Now Roz had always been a more private person than her friends. Whilst they had shared their crushes, Roz had always been more reserved on that front. What the others didn’t know was that Roz had a major torch burning for Raul Cruz. She always watched him whenever he appeared on TV, and everything stopped for
The Devilled Chef
where ten people competed to win his approval, probably more than they coveted the ten thousand pounds first prize.

Raul Cruz was a tall, big-shouldered Spaniard with wild black hair, huge sexy Bournville-chocolate eyes and the arrogant stance of a bullfighter. And here he was in the corridor, steadying Roz with his Michelin-starred hands and looking into her eyes as if he was about to devour her. Slowly – with relish.

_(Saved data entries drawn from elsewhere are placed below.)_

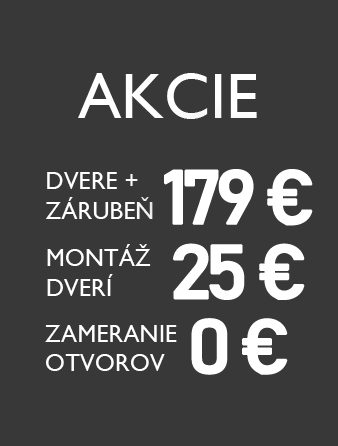 Využite naše aktuálne AKCIE na Interiérové dvere a zárubne na mieru od 179,-€. Interiérové dvere a zárubne montujeme už za 25€/ks a za zameranie sa u nás neplatí.
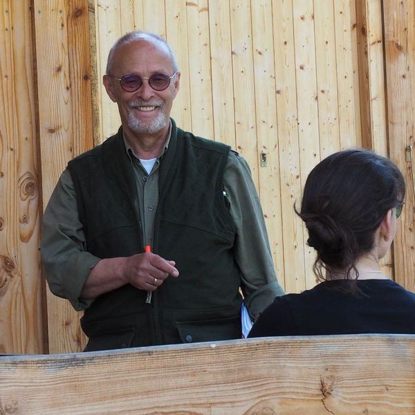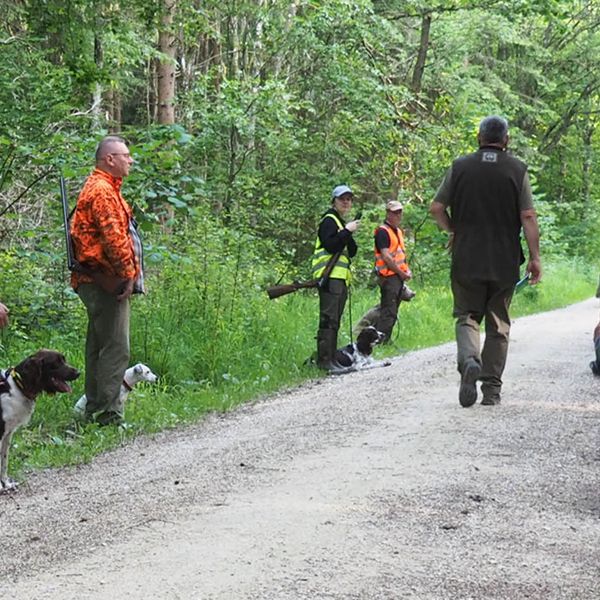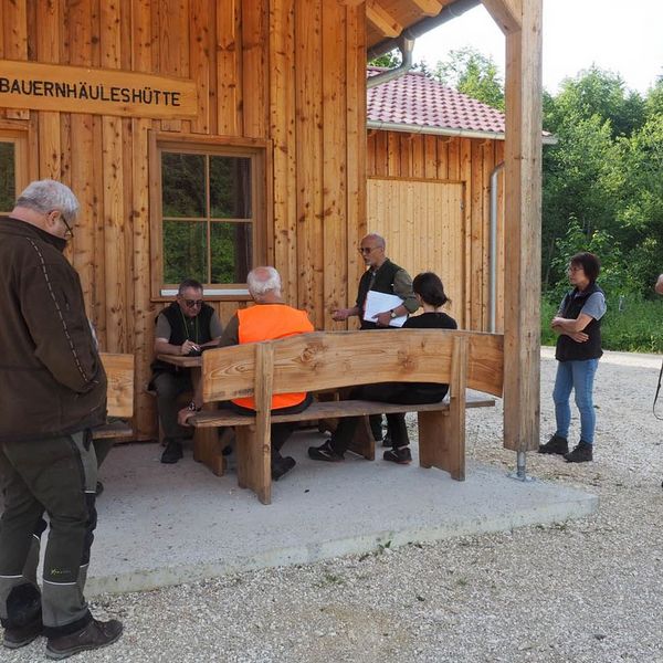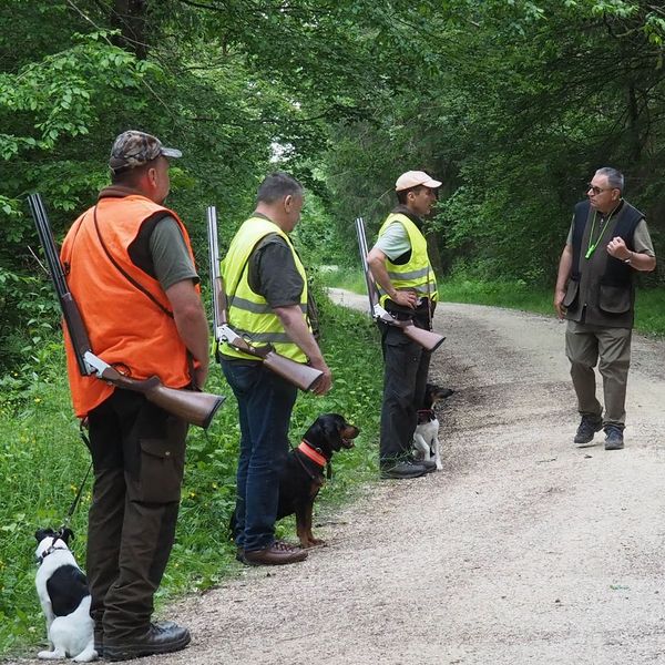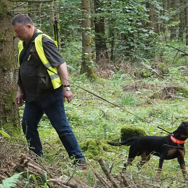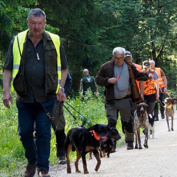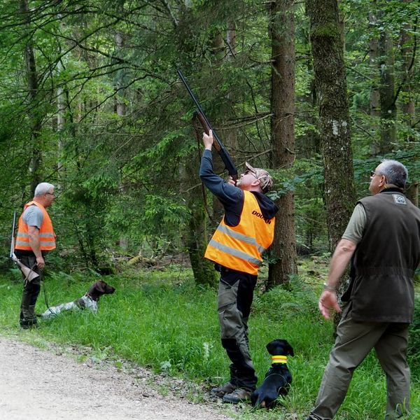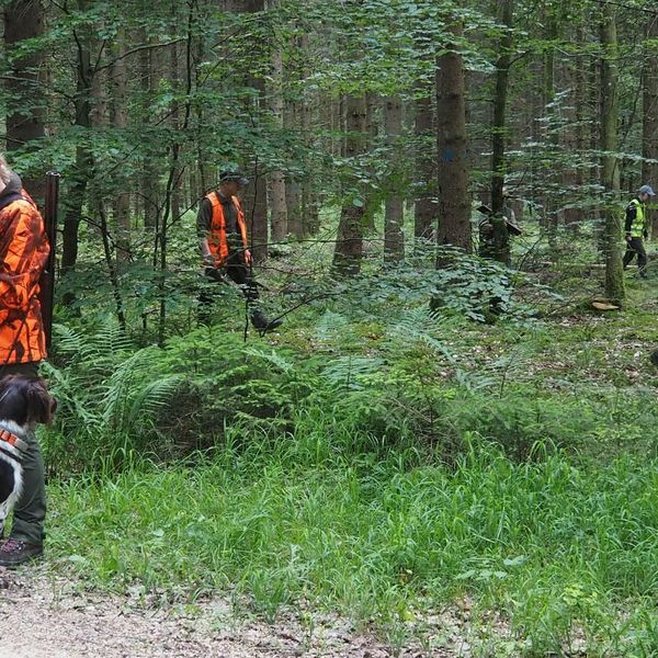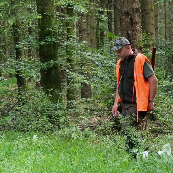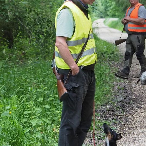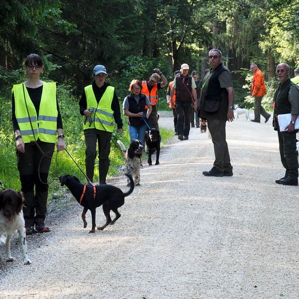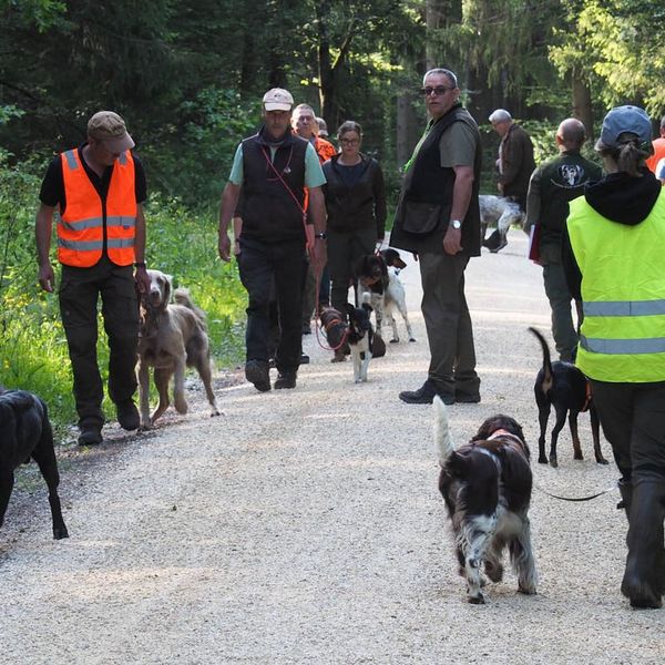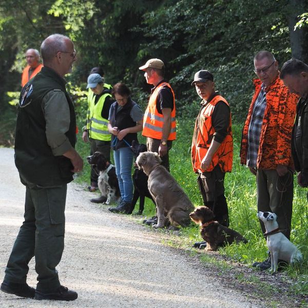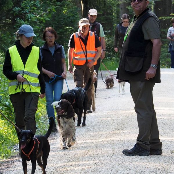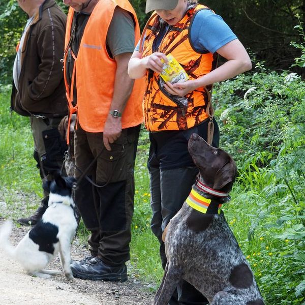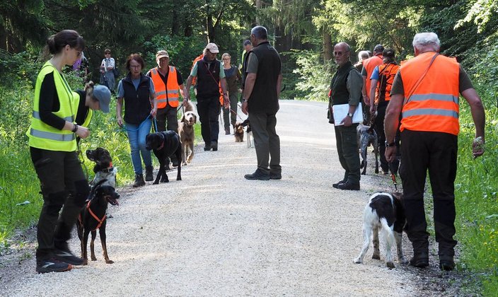 Um bestens vorbereitet zu sein, wurden an diesem Übungsabend Standtreiben und Leinenführigkeit im Stangenholz unter realen Bedingungen geübt – mit Schutzkleidung und Waffe, genauso wie es auch bei der Prüfung der Fall sein wird.
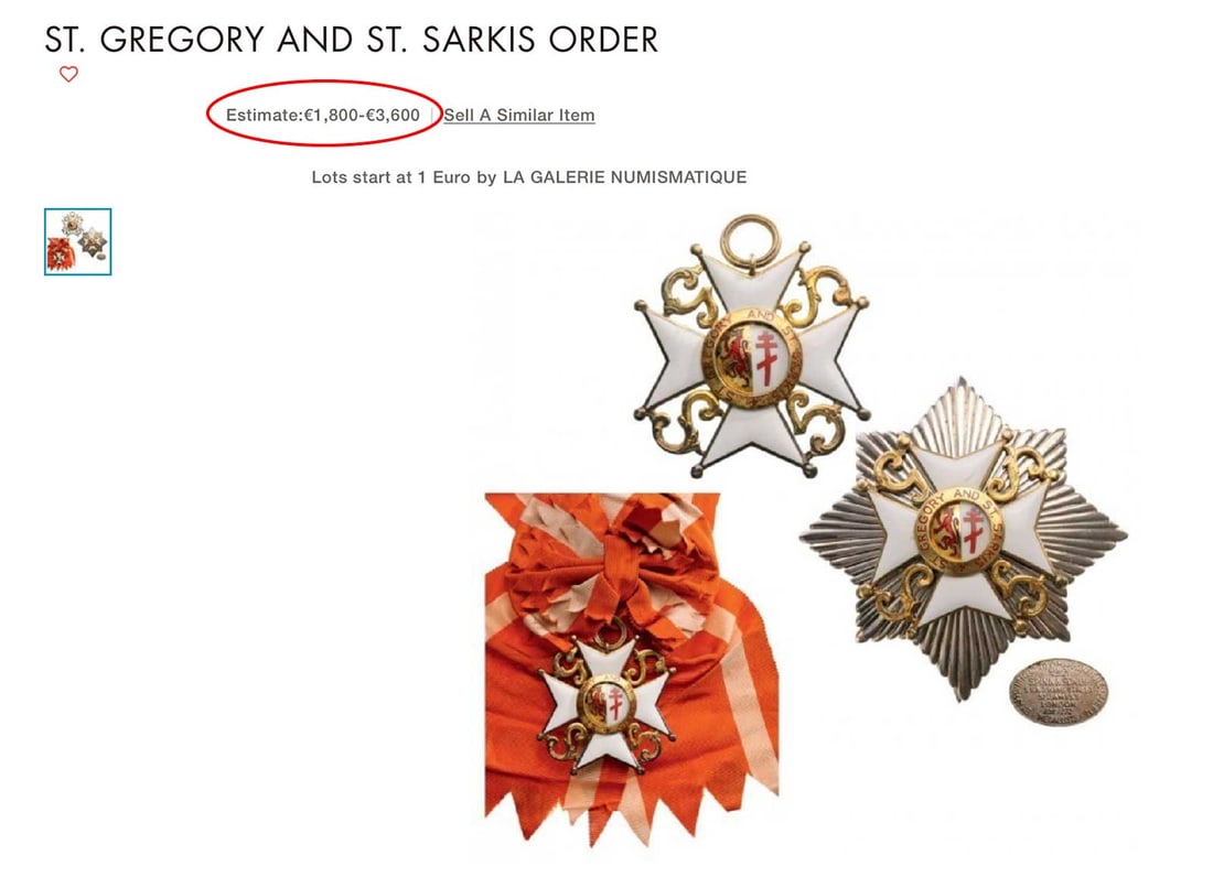 St. Gregory & St. Sarkis Order, Grand Cross Set Auction
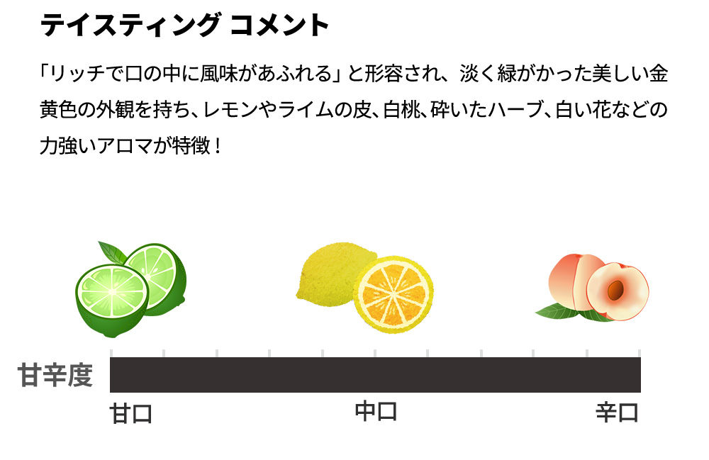このワインは「リッチで口の中に風味があふれる」と形容され、淡く緑がかった美しい金黄色の外観を持ち、レモンやライムの皮、白桃、砕いたハーブ、白い花などの力強いアロマが特徴である。

‘Do forgive me,’ he said, his voice heavy and delicious as Rioja.

‘It’s fine,’ croaked Roz, feeling even more blood flow to her pelvic region because he wasn’t letting her go so quickly.

‘I wonder . . .’ he mused. ‘Do you think you could help me?’

Roz would no more have answered that with a ‘no’ than she would have pulled her own nose off.

‘Of course.’

‘Come, come.’ Raul Cruz took Roz’s hand and led her into his restaurant. She didn’t know why, nor did she care. If the others had seen her now, they wouldn’t have recognised the trembling, breathless jelly she had suddenly become.